How to scrape thousands of adoptable pet photos from Petfinder using Petpy API: Part 2— Downloading pet images

Jenny James
Analytics Vidhya
Published in
3 min readSep 20, 2020

Recall in part 1, we left off with a cleaned dataframe containing the pet’s id, the breeds and the photos. The next step would be to decide which photos we want to download.

We need our imports first.

import petpy
import os
import pandas as pd
import urllib.request
import urllib.error
from multiprocessing import Pool
from multiprocessing.dummy import Pool as ThreadPool

We can create 3 size columns for each of the 3 image columns to display their size.

rabbitCLEANED['small_photo_size']= rabbitCLEANED['primary_photo_cropped.small'].str.split('width=', 1).str[1].str.split('&', 0).str[0].astype(int)rabbitCLEANED['medium_photo_size']=rabbitCLEANED['primary_photo_cropped.medium'].str.split('width=', 1).str[1].str.split('&', 0).str[0].astype(int)rabbitCLEANED['large_photo_size']=rabbitCLEANED['primary_photo_cropped.large'].str.split('width=', 1).str[1].str.split('&', 0).str[0].astype(int)

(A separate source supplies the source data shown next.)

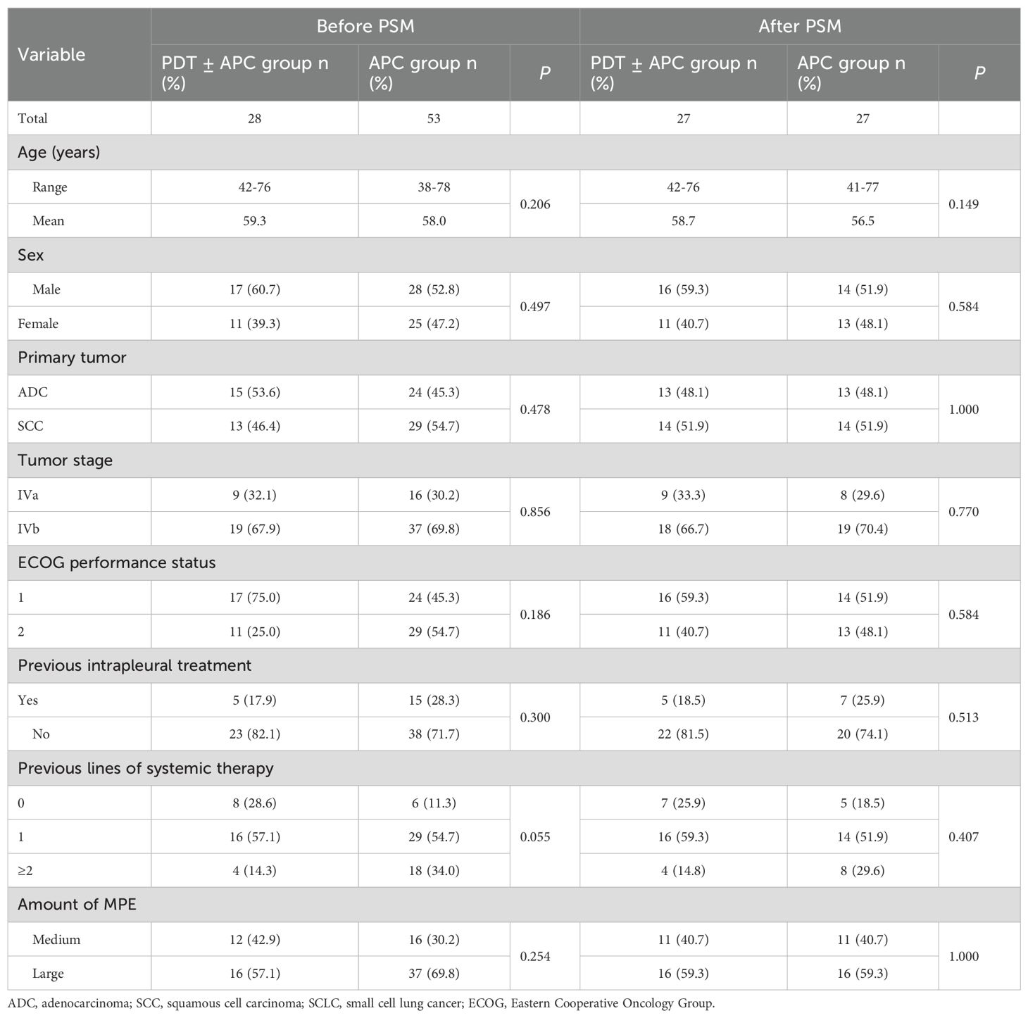 Twenty-eight patients were enrolled as the observational group and received PDT ± APC therapy. Eight of these patients had plaque-like pleural lesions and PDT alone, and 20 patients had nodular or mass-like pleural lesions and received PDT + APC therapy. Fifty-three patients who received APC therapy in our previous study were included as the control group. Following propensity score matching (PSM), we selected 54 patients (27 pairs). Baseline characteristics did not differ between these two groups before or after PSM (Table 1). The irradiation time and energy density used for each patient are shown in Table 2.
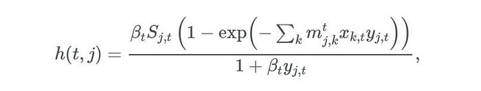 其中βt是第**t天的传输速率;mj,k反映从位置k到位置j的流动性,xk,t和yk,t分别表示第**t天在位置k和位置j的感染和易感人群的比例,由xk,t = Ik,t / Nk和yj,t = Sj,t / Nj,其中Nk和Nj是位置k和j的人口规模. 然后我们继续模拟将疾病引入具有完全易感人群的位置的随机过程,其中Ij,t+1是概率*为 h(t,j)*的伯努利随机变量。
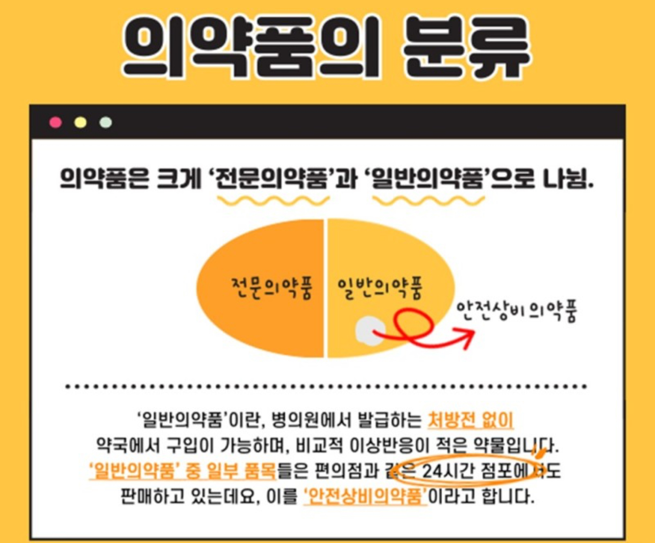'일반의약품' 중 일부 품목들은 편의점과 같은 24시간 점포에서도 판매하고 있는데 이는 '안전상비의약품'이라고 합니다.
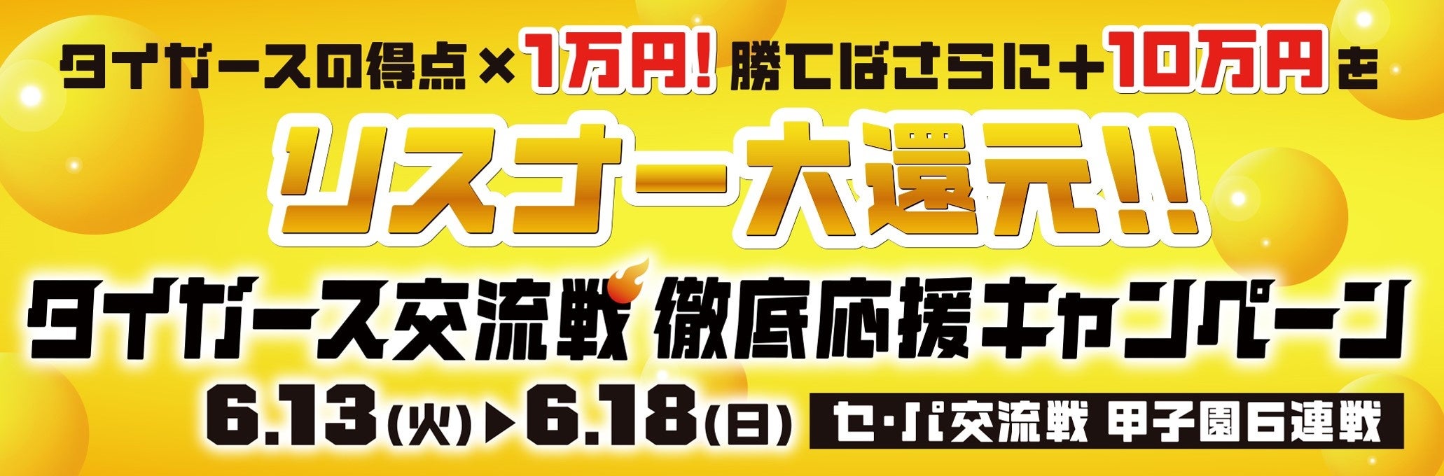 6月13日(火)から甲子園で行われるセ・パ交流戦6連戦、ABCフレッシュアップベースボールではタイガースの得点×1万円、勝てばさらに+10万円を1名の方にプレゼント!

The results in our dataframe are the 3 columns seen below:

If we take a look at these columns we can see that the three photo sizes have a pixel width of 300, 450 and 600. We are going to use the medium size for this example because why not? So we are going to filter the data to keep only the 450 size.

medphotos=rabbitCLEANED.groupby('id').apply(lambda x: x[x['medium_photo_size'] == 450])

Choose an arbitrary number of photos to keep for each breed. I am going to choose 5 since our list is so tiny we couldn’t have more than that for each breed, but the choice will be up to you depending on how many photos you want.

medium=medphotos.groupby('breeds.primary').head(5)

We are going to take the columns we need from rabbitCLEANED and turn them into lists.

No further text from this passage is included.